» **Exercise**:
Please transcribe the data below exactly. Leave the pictures out.

» **Collected data**:
____

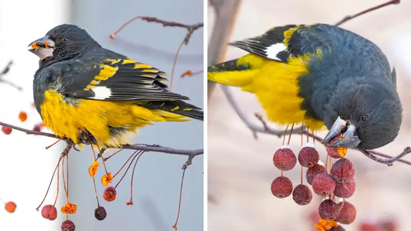 "Наш тянь-шаньский попугай – так я называю арчового дубоноса. Красивая яркая птичка и правда похожа на попугая, хотя конечно, к ним не относится. Зимой спускается с гор. Нередко, особенно в морозы можно увидите и в городе. Как например, встретил я этого пернатого в своем дворе", – подписал пост фотограф.
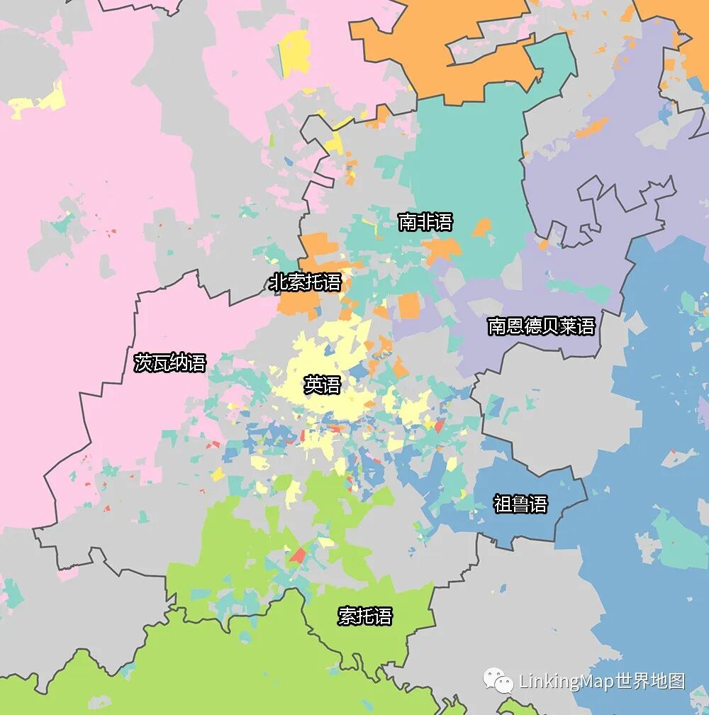 豪滕省各地区的主要使用语言:几乎涵盖了南非大部分的语言
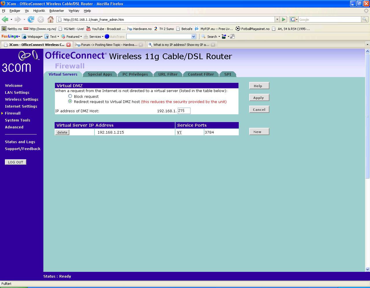 murdoc Skrevet 29. april 2008 Skrevet 29. april 2008 prøver og få satt opp rutern min, slik at jeg kan lage ventrilo server gjennom min ruter. problemet er at det ikke fungerer ;S har satt DMZ til det min lokale IP er, men det fungerer enda ikke :S har en: 3com - 3CRWE554G72T hva tror dere kan være galt :S ikke gjort dette før.. bilde:

____

» **The completed task**:
 "Наш тянь-шаньский попугай – так я называю арчового дубоноса. Красивая яркая птичка и правда похожа на попугая, хотя конечно, к ним не относится. Зимой спускается с гор. Нередко, особенно в морозы можно увидите и в городе. Как например, встретил я этого пернатого в своем дворе", – подписал пост фотограф.
 豪滕省各地区的主要使用语言:几乎涵盖了南非大部分的语言
 murdoc Skrevet 29. april 2008 Skrevet 29. april 2008 prøver og få satt opp rutern min, slik at jeg kan lage ventrilo server gjennom min ruter. problemet er at det ikke fungerer ;S har satt DMZ til det min lokale IP er, men det fungerer enda ikke :S har en: 3com - 3CRWE554G72T hva tror dere kan være galt :S ikke gjort dette før.. bilde:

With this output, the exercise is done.